## [Task objective]
Copy out the data below from the line containing "据kalodata的数据显示" to the line containing "Vue aérienne des", both lines included, with all images left out.

----- Material for this exercise -----

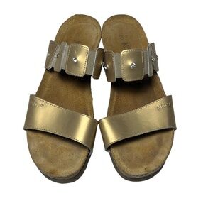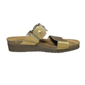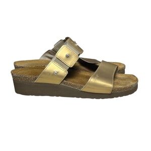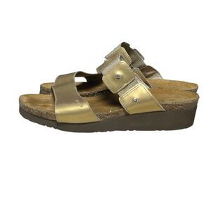 Naot Ashley Sandals Size 39 8 Distress Gold Metallic Leather Wedge 2 Strap Slide
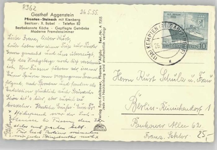 40246486 Pfronten Ostallgaeu Bayern Gasthof Zum Aggenstein postalisch gelaufen Alte Ansichtskarte Postkarte alte Postkarte Katcode 11110009777159
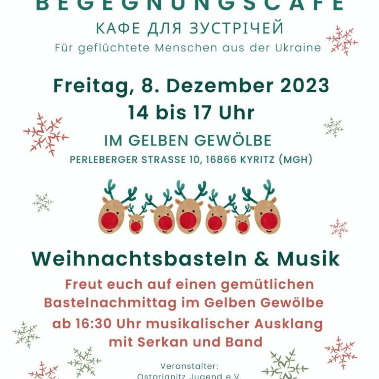 Beim Begegnungscafé für geflüchtete Menschen aus der Ukraine in Kyritz habe ich mit meiner Band einen musikalischen Ausklang gestaltet, der Gemeinschaft, Wärme und kulturelle Teilhabe in der Adventszeit förderte.
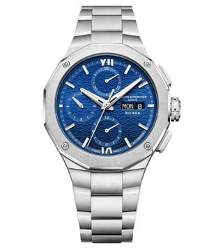 Introducing the Baume & Mercier Riviera Automatic Chronograph Mens Watch, a sophisticated timepiece that combines style and functionality seamlessly. With a sleek 41mm design and the precision of an automatic chronograph movement, this watch is perfect for the modern man who values both elegance and performance. The MOA10826 model boasts a stunning design with a stainless steel case and bracelet, a bold black dial with chronograph sub-dials, and a date window. Elevate your look with this luxurious watch that is sure to turn heads and make a statement wherever you go.
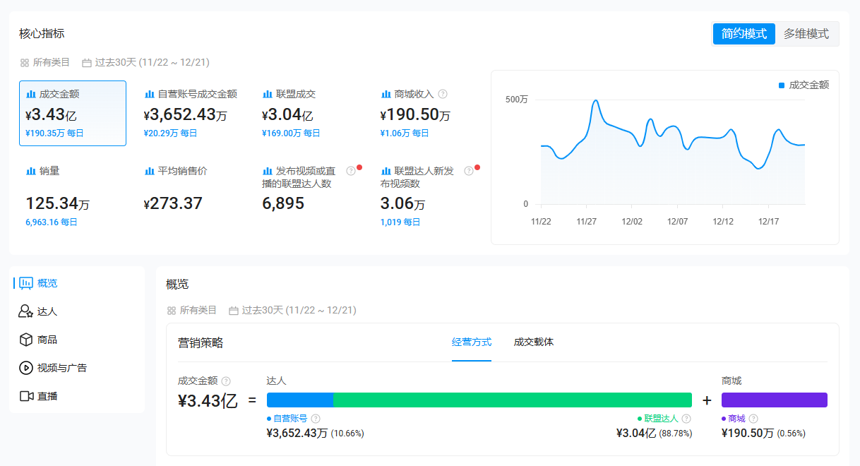 据kalodata的数据显示,近半年来,品牌累计售出了125.34万件商品,总成交金额达到了3.43亿元。其中,通过联盟达人渠道带来的成交额就有3.04亿元,占比高达88.78%,成为核心的增长引擎。
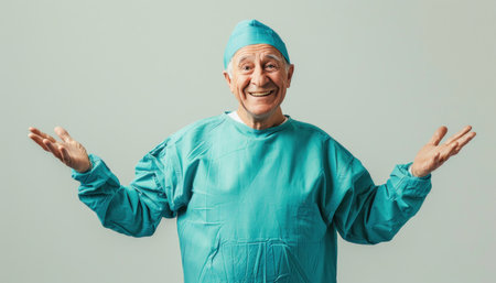 Skilled Male Surgeon in Scrubs on isolated white background.
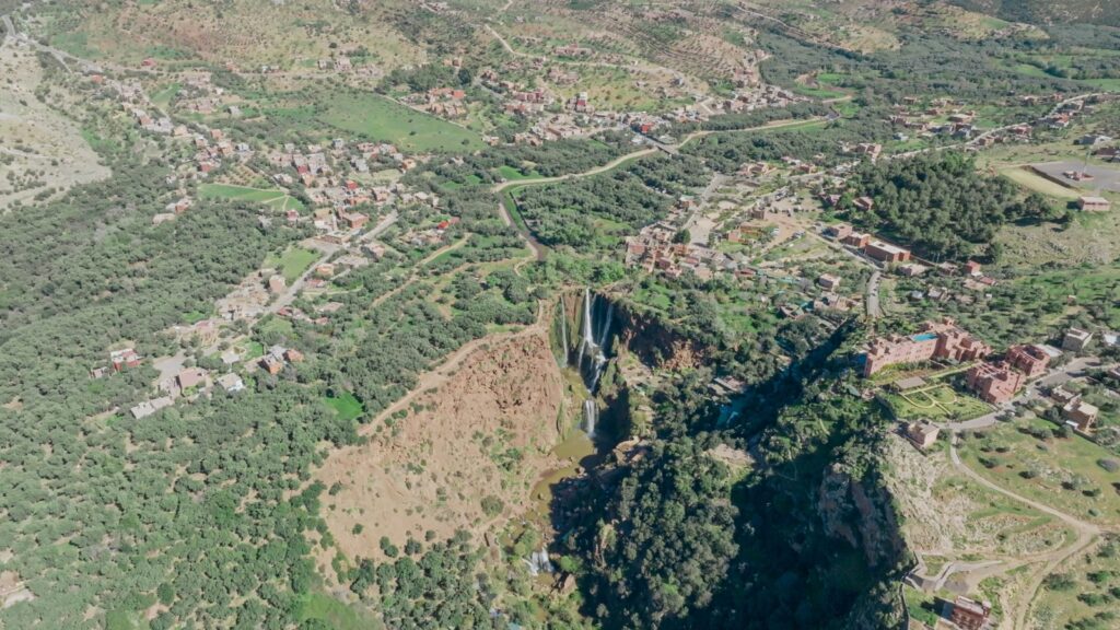 Vue aérienne des cascades d’Ouzoud. Ph : CRT Béni Mellal
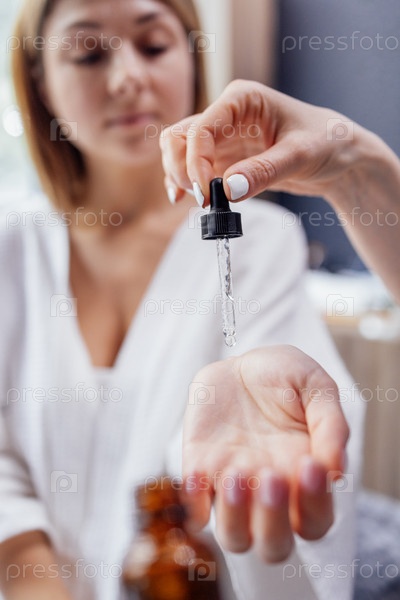 Крупным планом рука косметолога наносит сыворотку из пипетки на запястье клиентки в помещении
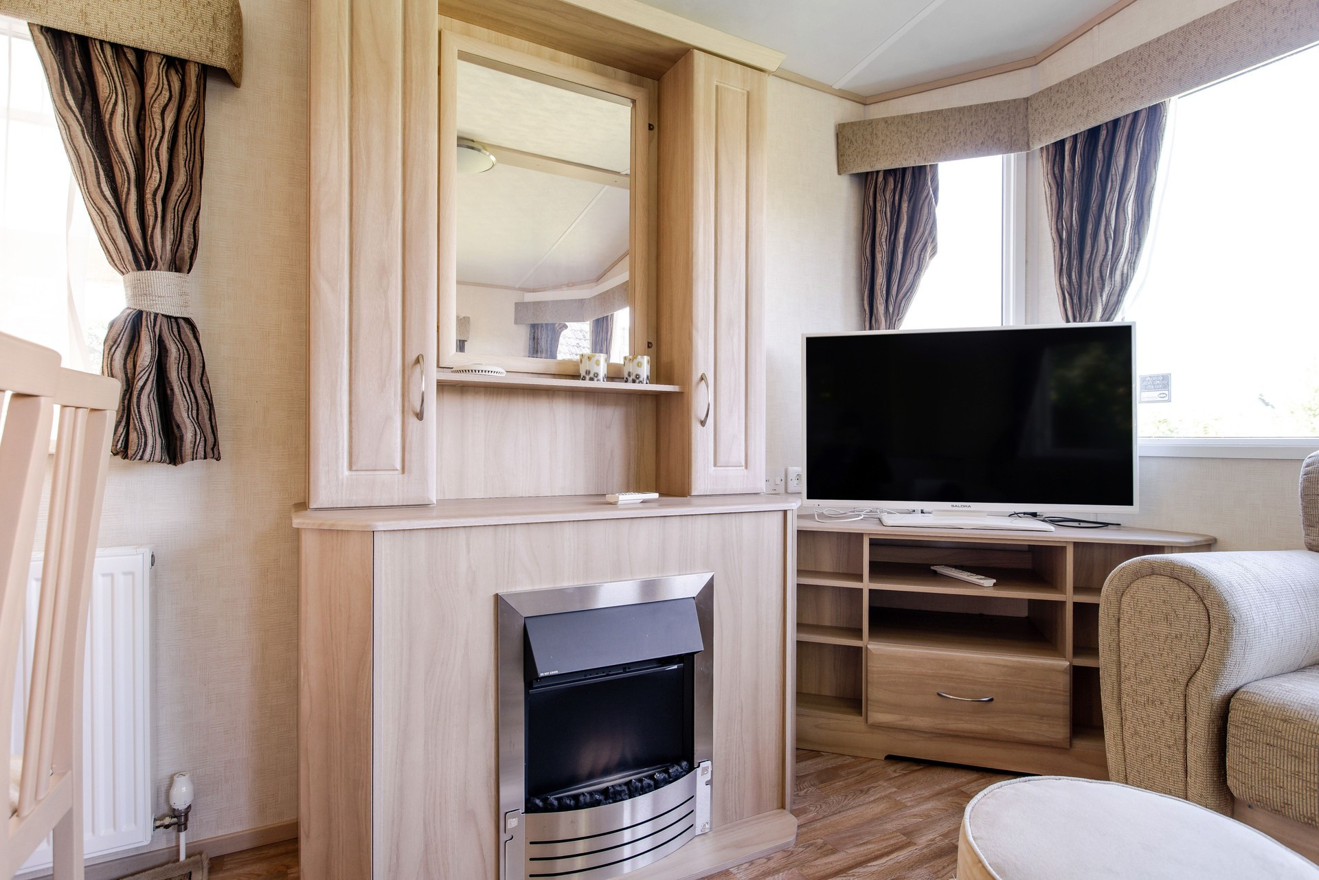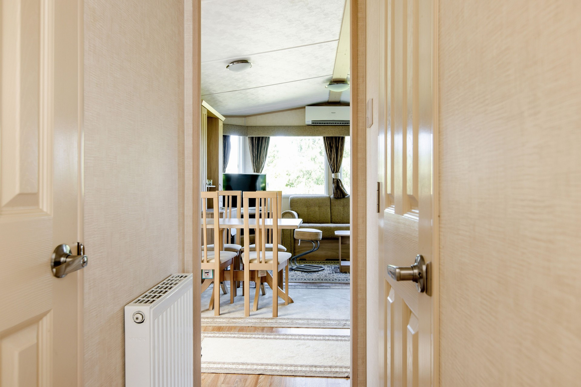 Fresh mobile home in Sjöared, Halland. Your accommodation has 2 bedrooms (one with a double bed and one with 2 single beds which is more suitable for children 1.80 x 60 m). Shower and toilet are available. You have a large terrace of 28 m2. You have free access to wifi / fiber and there is a TV in the caravan. If you are a larger group, you can also rent the cabins SE02024 and 25 which are in the neighboring area.

-----

## [Response area]
 据kalodata的数据显示,近半年来,品牌累计售出了125.34万件商品,总成交金额达到了3.43亿元。其中,通过联盟达人渠道带来的成交额就有3.04亿元,占比高达88.78%,成为核心的增长引擎。
 Skilled Male Surgeon in Scrubs on isolated white background.
 Vue aérienne des cascades d’Ouzoud. Ph : CRT Béni Mellal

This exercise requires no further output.